Die eigentliche Kritik ist ohnehin eine ganz andere, da spielen ein paar leicht anders arrangierte oder vergessene Töne gar keine Rolle, "Performing This Week… Live At Ronnie Scott's" hat nämlich folgendes Problem: Dem großen Meister Jeff Beck fehlt nicht nur jegliche neue Idee, er schafft es auch, als einziger in der Band seine Parts absolut gefühlskalt wirken zu lassen. Jason Rebello verlegt flauschige Keyboardteppiche oder rutscht beschwingt übers Piano, Colaiuta streichelt seine Becken und Toms machtvoll und dynamisch, und die Bassistin fällt nicht negativ auf - ist natürlich einem Tony Hymas zwangsläufig unterlegen und kann den Druck des Tim Bogert nie erzeugen - und macht einen prima Job, darf den funky Groove in Jan Hammers You Never Know aber leider nicht durchspielen. Beck jedoch schockgefriert zum Beispiel Lennons (ja doch, auch McCartneys) A Day In The Life für alle Zeiten, damit es in Jahrtausenden wie der Ötzi wieder entdeckt werden kann.

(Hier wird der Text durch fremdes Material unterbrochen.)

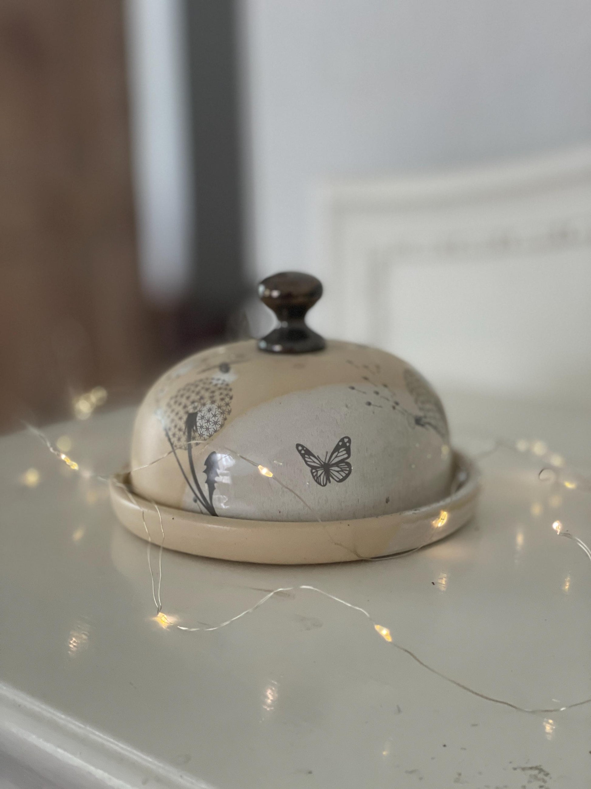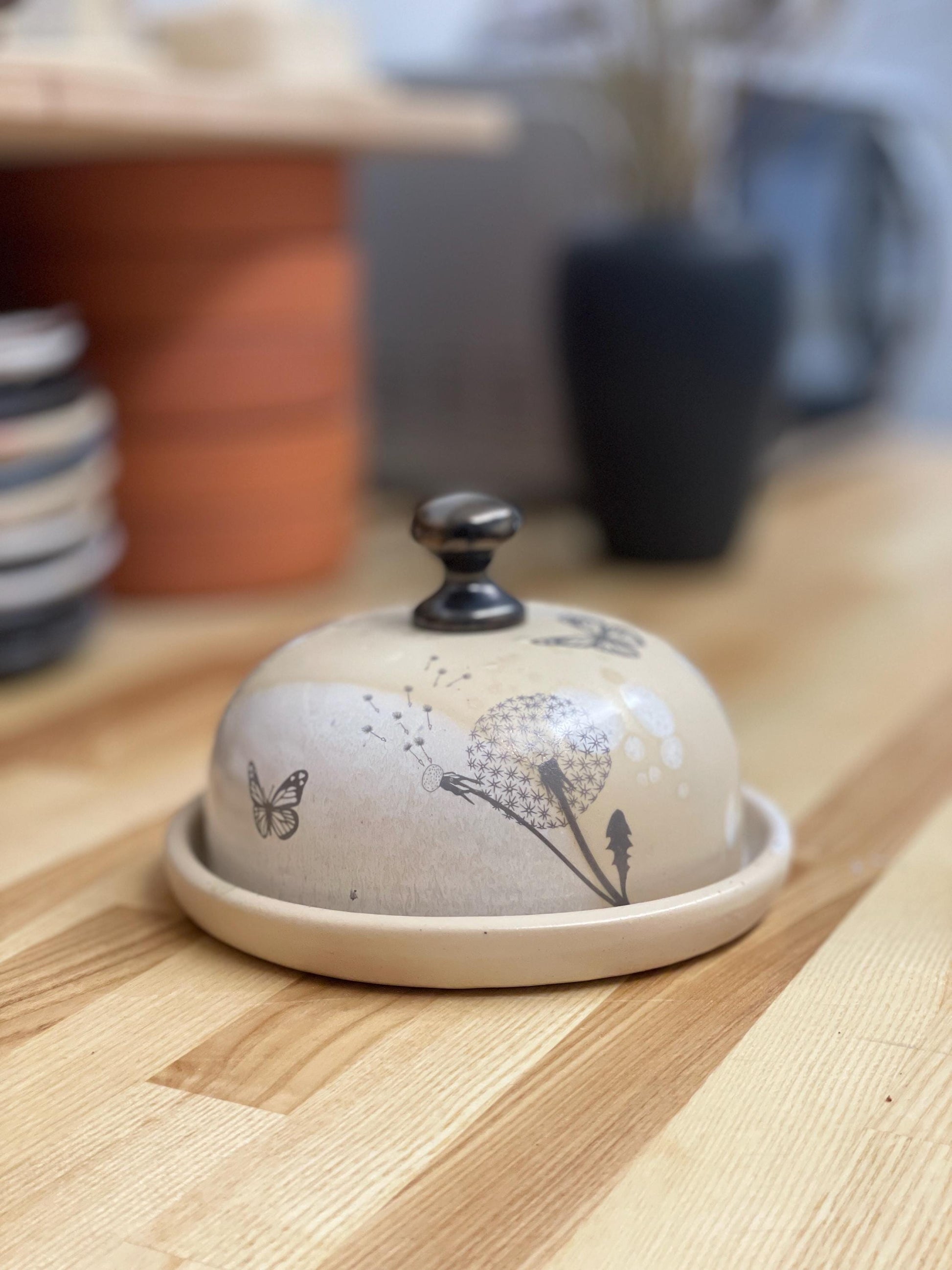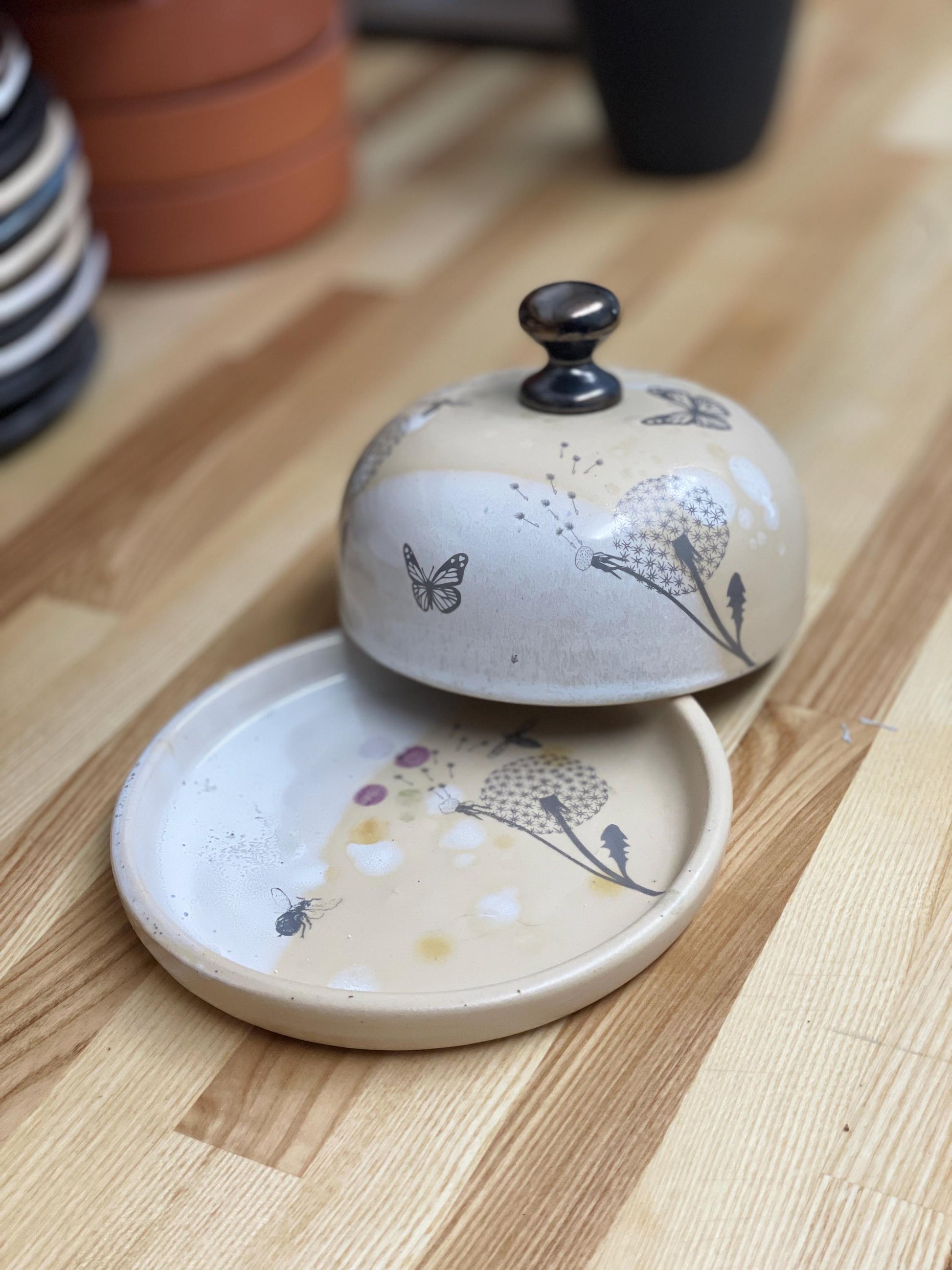 Klasiskais sviesta trauks ar paceļamu vāciņu. Der mūsu standarta sviesta izmēram, bet lieliski noder arī sieram.

Es hilft keine elegische Verlangsamung, keine liebevolle Verabschiedung ans Publikum, der artifizielle Beck-Sound macht (mich) im Jahr 2009 nicht mehr glücklich, längst gibt es zu viele andere Saitenhexer von jenseits allen Gefühls, da braucht man dies hier nicht auch noch. Und Billy Cobhams Stratus ist im Original auch besser, da spielt nämlich Tommy Bolin die Gitarre - und der war Rocker. Ätsch.